The CDA chairperson added that the authority would soon launch a state-of-the-art Rapid Transport Service — a form of which the authority has been promising for years — in Islamabad. Former prime minister Yousaf Raza Gilani had announced over a year ago that the Rapid Transport Service will become operational in six months. But more than six months later, the authority barely managed to get its board to sign off on the project in April this year. Little progress has been made on the project since then.
But in the meeting on Thursday, Iqbal insisted that “the bus service will be a very respectable and affordable one and run in line with similar services in the UK and China.”
Iqbal said that companies from Turkey and Germany have showed interest in the project and they will make a decision within 20 days after the bidders’ ability to implement the project is established.
He said the authority is negotiating with the Asian Development Bank (ADB) to carry out the feasibility study of the bus service. The ADB, he added, will charge Rs280 million for their consultation.
The CDA chairperson added that work on the Kuri Model Village will start soon after Eid. The village has been mired by land controversies since 2011, when work on the project started.
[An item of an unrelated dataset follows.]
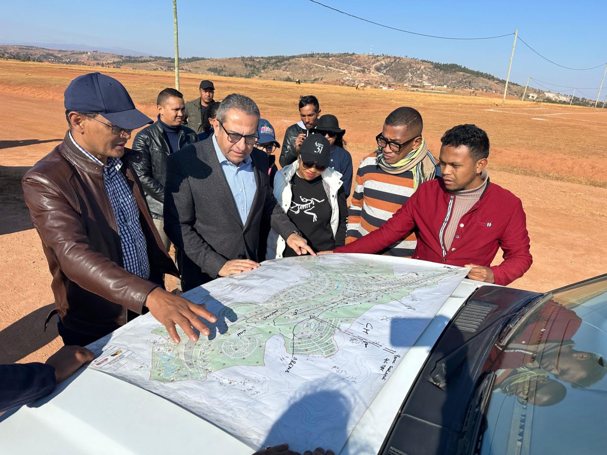 استهل المهندس خالد عباس الزيارة بجولة ميدانية بموقع مشروع المدينة الجديدة “تانا-ماسواندرو”، والذي يُعد المشروع الأبرز في مجال التنمية الحضرية في مدغشقر، ويمتد على مساحة حوالي 2340 فدان ويبعد عن العاصمة قرابة 28 كم، حيث تم الاطلاع على مخططات المشروع وما تم تنفيذه حتى الان مع طلب المخططات والرسومات الخاصة بالمدينة للمراجعة والتدقيق.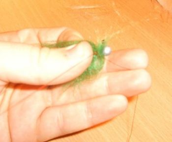 Step two tie the fur on the jig head using any not you prefer it does not matter as long as it gets on there.

Farkhand Iqbal also seemed adamant on continuing with the controversial LED lights project, which, he believes, will save the country 1500MW of electricity. The National Accountability Bureau (NAB) had advised the authority in May to scrap the project, saying that newer and cheaper options were available in the market. But given CDA’s defiance, the NAB authorised an inquiry against the authority over the project on Wednesday.
The committee also constituted a sub-committee to look into the matter of allotting a plot to the cold storage in sector I-11.
Published in The Express Tribune, August 17th, 2012.